Los de la prensa llegaban casi al tiempo de los policías. No obstante, después de las ambulancias, aparatejos que volaban dando grandes pasos en su vaivén de kilómetros por toda la ciudad. Los policías secundaban a los periodistas controlando la muchedumbre en círculo fijo, limitados por la cadenilla plástica de colores negro y amarillo en franjas perpendiculares, que sirven de base al conocido mensaje de peligro, en letras rojas, amarrada entre las columnas de metal de la torre y los postes de energía eléctrica. Controlada la muchedumbre por parte de los policías, quedaba entonces el cadáver listo para modelar frente a las lentes sedientas de los cuerpos mutilados, capturando el aspecto más bajo y tétrico de cada ángulo.
Hecho el examen externo por los médicos forenses (o saqueado, que eso oí a unos) el cadáver era llevado a la morgue en espera de lo que Medicina Legal determinase.
Las fotografías y una mala investigación irían a los diarios de E. o L., que eran los de menos prestigio amarillista. También a Q. y A. tan amarillos como su fiebre por los muertos y la entretención del vulgo.
Finalizado el mandando y embolsillados los cigarros, devolví con presto paso mi camino, una vez más hacia mi primo el informante, quien atendía a otro, un conductor de bus que adelantaba a paso lento su mamotreto con motor. Desde su silla preguntó con tono de afirmación:
-Qué un chulo-.
El informante devolvió:
-¡Joda! Le pegaron tres pepazos- les afirmaba a todos con el mismo ímpetu que a los demás.

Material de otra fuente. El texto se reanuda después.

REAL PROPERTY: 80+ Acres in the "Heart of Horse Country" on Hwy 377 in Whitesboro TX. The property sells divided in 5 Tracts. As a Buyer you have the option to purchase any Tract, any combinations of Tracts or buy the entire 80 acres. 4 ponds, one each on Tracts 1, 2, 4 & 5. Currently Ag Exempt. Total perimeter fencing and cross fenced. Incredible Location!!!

Su voz se dejo escuchar de uno de los tres pasajeros, quien  por ir del lado derecho y cerca del conductor oyó lo que mi primo informaba, así éste indagó:
-¿Lo mataron hey?-.
Pensé aquí que mi primo le respondería con ese aire de presumido conocimiento con que había respondido a mi pregunta. Pero por el contrario, y una vez más, con gran entusiasmo le contestó:
-Sííí marica, ahí está, por la torre-. Apenas mi primo se daba cuenta de mi presencia. Toqué su hombro para volver a saludarlo, y le sonreí con fraternal mirada.

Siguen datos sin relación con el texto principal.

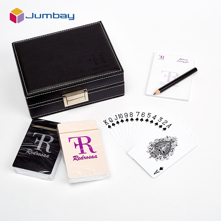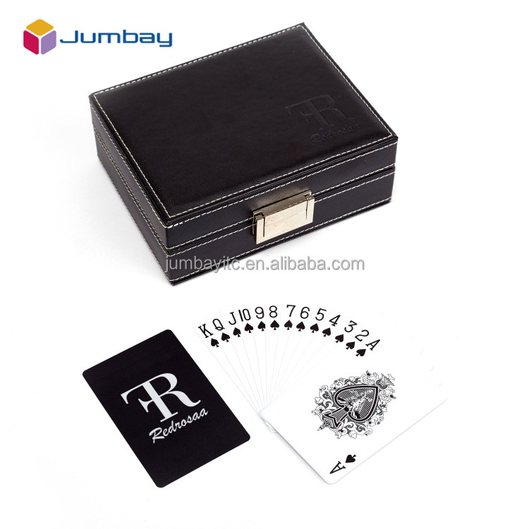 Unique design promotional wooden leather playing cards case top quality pvc plastic poker card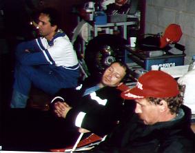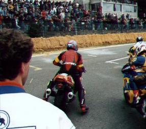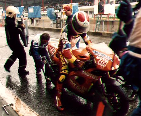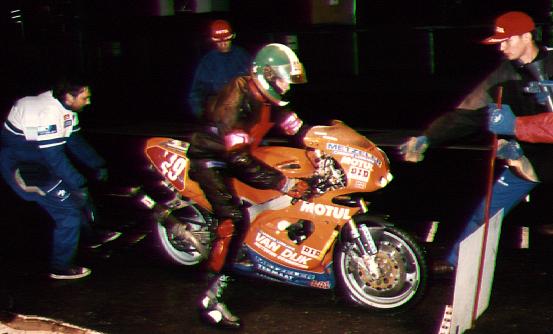 On Wednesday 8 July, the first disaster struck the team with the highly disappointing news that Russel would not come to Francorchamps.. Luckily Yves recommended a fellow rider Peter Deruyter who was to race the Prologue 4 hour race. He was recruited quickly and so we could concentrate on qualifying again, which itself can be a difficult exercise because your laptimes may not be slower than 15% of the fastest rider's time This meant that we would have to ride a few super laps on the 90 bhp bike which ran with normal profile tyres. Thursday 9 July, the first practice day, including a night practice session as well as a qualifying practice. Some adjustments to suspension and gearing were the only necessary things during practice, for the rest the bike ran fine. Qualifying practice started with rain and it was to remain wet. All riders raced for what they were worth but none of the times were fast enough to qualify the team for the race. A nervous night followed and the next morning, the riders knew very well that it would be either 'race' or 'go home'. Imagine the thought . Brrrr.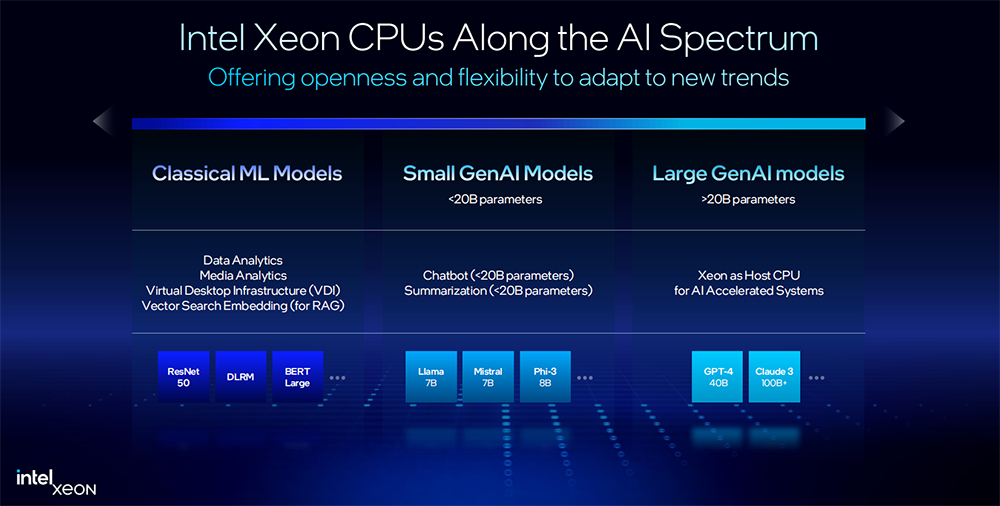 根据IDC数据,随着AI应用的日益普及,预计到2027年,各组织在生成式AI方面的支出将高达1530亿美元,而机器学习和分析的总支出将达到3610亿美元。英特尔至强6经过优化,在传统机器学习、小型生成式AI模型和GPU加速工作负载中提供出色性能。

Sin palabra alguna me despedí volviendo a mi estancia y pensando en aquel sueño, que ahora recordaba, y que trataba del mismo capítulo que había releído antes de ir a la cama... Yo estaba y no estaba, como en los aires, un observador invisible. El Quijote estaba de pie junto a Sancho que le miraba con determinación, diciéndole que la muerte era una dama caprichosa y puntual, que llevaba sin titubear al máximo su trabajo, llevándonos a todos en su hora a la ausencia eterna. Mientras esto el Quijote decía, yo veía confusamente dentro del sueño a un ser etéreo envuelto en un habito negro, con un haz en la mano izquierda, como nos pintaron en la televisión a la Muerte, detrás de ambos personajes, pero miraba hacia mí, daba cuenta de mi presencia… luego todo se difuminó y fue tan gris como la neblina que en el Alba, en tiempos húmedos, cubre la ciudad de Tunja. Sonreí por haberme acordado, y prendí mi cigarro, disponiéndome a escribir aquel extraño sueño, que abría una pequeñísima puerta en mi inconsciencia y arrojaba una luz en mi existir.